Figure 7 and Figure 8 present the TGA and DTG thermograms of DESs, while Figure 9 and Figure 10 show the TGA and DTG thermograms of spruce wood and DES-treated wood. The thermal decomposition of DESs occurred in two main stages for DES1 and DES4, three main stages for DES3 and one main stage for DES2. All DESs exhibited different thermal stabilities. The initial mass loss of DES1 before 223 ℃ was 34.47%, that of DES3 before 197 ℃ was 4.4 and 13.53%, that of DES4 before 253 ℃ was 38.96%, and DES2 lost about 99.64% of its weight at 283–290 ℃. The volatility or breakdown of HBD (Ur, OA, GL, and AA) and pyrolysis of ChCL, as well as their combination, cause the decomposition of DESs to occur mainly in the temperature range of 200–315 °C. The temperatures at which DESs completely decomposed (272, 283, 313, and 299 °C) are comparable to the complete decomposition temperature of neat ChCL, which is 302 °C. The sublimation temperatures of urea (132.9 °C), glycerol (219 °C), oxalic acid (125 °C), and acetic acid were greater than the initial decomposition temperatures of Ur: ChCL (223 °C), GL: ChCL (283 °C), OA: ChCL (197 °C), and AA: ChCL (253 °C) [39,41,42].

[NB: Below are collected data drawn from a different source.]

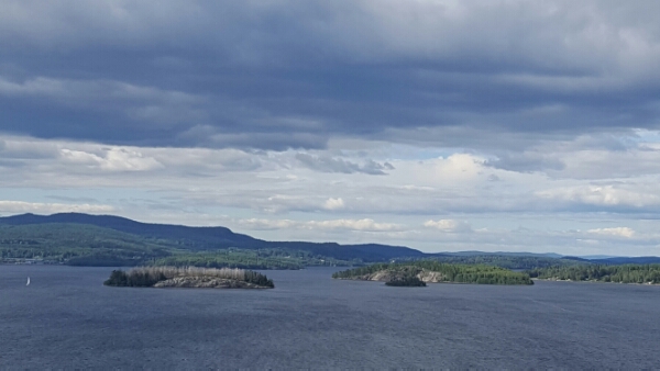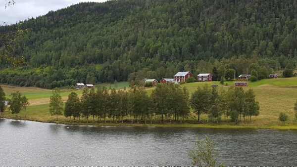 Where it’s not farmland dotted with red cottages, it’s thick forest. Islands, once submerged, now stand alone in the fjord waters. Many are uninhabited, forested right down to the water line, but an occasional house can be seen on some. The village of Nordingra boasts a fine church from 1847 over looking the water, the remnants of a church town to its side.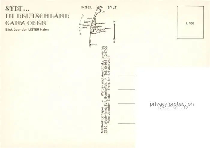 Sylt Fliegeraufnahme mit Lister Hafen Sylt postalisch nicht gelaufen nach 1965 Erhaltung siehe scans [WerneD78] WernPID7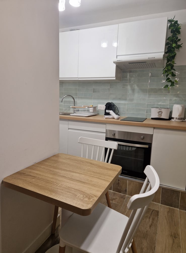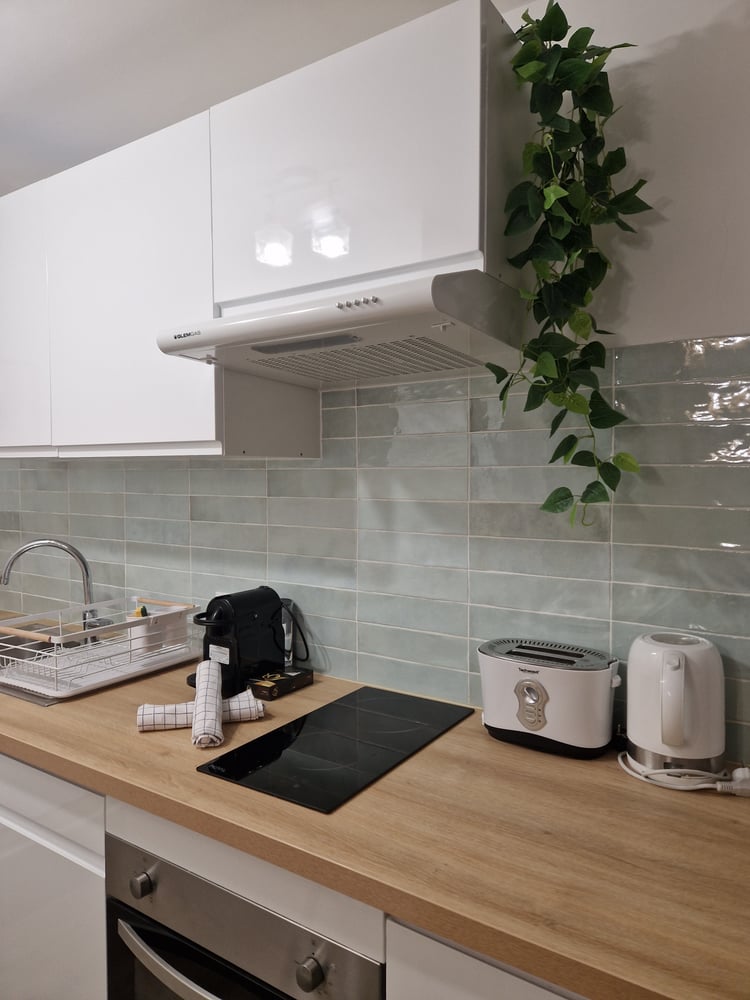 As soon as you enter our cosy nest, you'll see that we've mastered the art of optimizing space with taste! Opposite you, you'll find a table with two chairs to enjoy the delicious meals you've concocted in our fully-equipped kitchen just behind! Open the cupboards and drawers and you'll find everything you need. From the Nespresso coffee machine to the built-in oven, we've thought of everything! On your right, you'll find our TV corner with the sofa bed by the window. Our quality bedding will ensure your complete rest throughout your stay, rest assured. Finally, the two closed doors, one to the right of the front door, the other to the left, give you access to the bathroom with separate toilet. In the bathroom, the towel dryer faces our mirror and double-headed shower! All you have to do is settle in, and we're sure you'll appreciate the decor and functionality of this home! We look forward to welcoming you to OpenFlats!

Wood thermal decomposition occurred in one main stage for DES1- and DES4-treated wood and in two main stages for DES2- and DES3-treated wood (Figure 10). The initial mass loss of DES1-treated wood before 184 °C was 19.11% and it was 45.71% for DES2-treated wood before 253 °C, 48.37% for DES3-treated wood before 256 °C and 14.87% for DES4-treated wood before 179 °C. At approximately 250 °C, DES2- and DES3-treated wood samples lost half of their weight. At 350 °C, spruce wood samples lost 81.69% of their weight. DES-treated wood samples degraded faster than control spruce samples. This is due to the fact that DES chemicals decompose at low temperatures.

4. Conclusions

Choline chloride (ChCL)-based DESs were prepared by mixing oxalic acid (OA), acetic acid (AA), urea (Ur), and glycerol (GL) as the hydrogen bond donor (HBD). Oriental spruce wood samples were exposed to these solutions at 150 °C. Then, some properties of wood were examined. Significant changes were observed in the chemical structures of wood samples impregnated with DES solutions. Significantly, an increase in hemicellulose and cellulose peaks around 1700 cm⁻¹ was determined, while the lignin peak around 1500 cm⁻¹ disappeared completely. Mass losses were reduced compared to the control samples after the decay test. However, high mass losses were observed in the unleached samples compared to the leached wood samples. This indicates that the DES solution was leached from the wood during the decay test. Samples treated with DESs provided significant resistance to the CP fungus. The weight losses observed in the leached samples of these DES solutions were 1.97 and 1.91%, respectively. These values are lower than the 3% weight loss required by the EN113 standard. While DES3 from the prepared DES samples was degraded in three stages, the other DES solutions were degraded in two stages. The initial decomposition temperature of the DES3 solution was 197 °C. While spruce wood reached a maximum weight loss at 350 °C in a single step, samples modified with DES solutions decomposed in two or three stages. DES1- and DES4-treated wood degraded in three stages. The findings indicate that ChCL-based DESs have a high potential as a low-cost, environmentally friendly wood-treatment agent.